Thoughts about Random Access
Recently I’ve been thinking about what it means for a data structure to support random access (aka “direct access”). This may seem so obvious that it’s not worth thinking about: an array supports “random access” because you can access any element with O(1) complexity by just calculating the elements position and going straight there. A linked list doesn’t have this property because the only way to get to an element is through other elements that it’s linked to. But let’s explorer this idea further.
Here’s one way Wikipedia explains random access quite well:
As a rule the assumption is that each element can be accessed roughly as easily and efficiently as any other, no matter how many elements may be in the set, nor how many coordinates may be available for addressing the data
Let me add another note to this which is perhaps obvious but not normally specified: we’re talking about runtime complexity.

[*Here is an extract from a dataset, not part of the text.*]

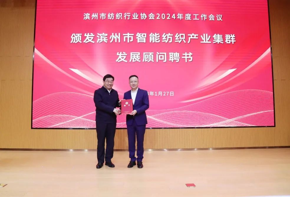 为进一步提升“滨州纺织”区域品牌知名度和影响力,滨州市人民政府聘任中国纺织工业联合会副会长杨兆华为滨州市智能纺织产业集群发展顾问。穆杰向杨兆华颁发了发展顾问聘书。

If we had a linked list completely defined at compile-time then I would still classify it as a “random access”, even though linked lists are normally not considered to be random access1.
So what is it about an array gives us random access? Let’s take a guess: it’s because the elements of the array are stored contiguously in memory.
This seems like a reasonable first guess. Because “element 2” is known to be after “element 1” which is after “element 0”, we can calculate where “element 2” is. To get the position of element 2, we multiply the size of an element by 2, and move to that binary position in the array.2
But what if the elements aren’t all the same size?3
If element 1 in the array might be larger than another then we can’t multiply anymore so we need to somehow sequentially access the elements, right? Well, no. If the size of element 1 is known at compile time then we can simply offset this amount when calculating the positions of any element that comes after it.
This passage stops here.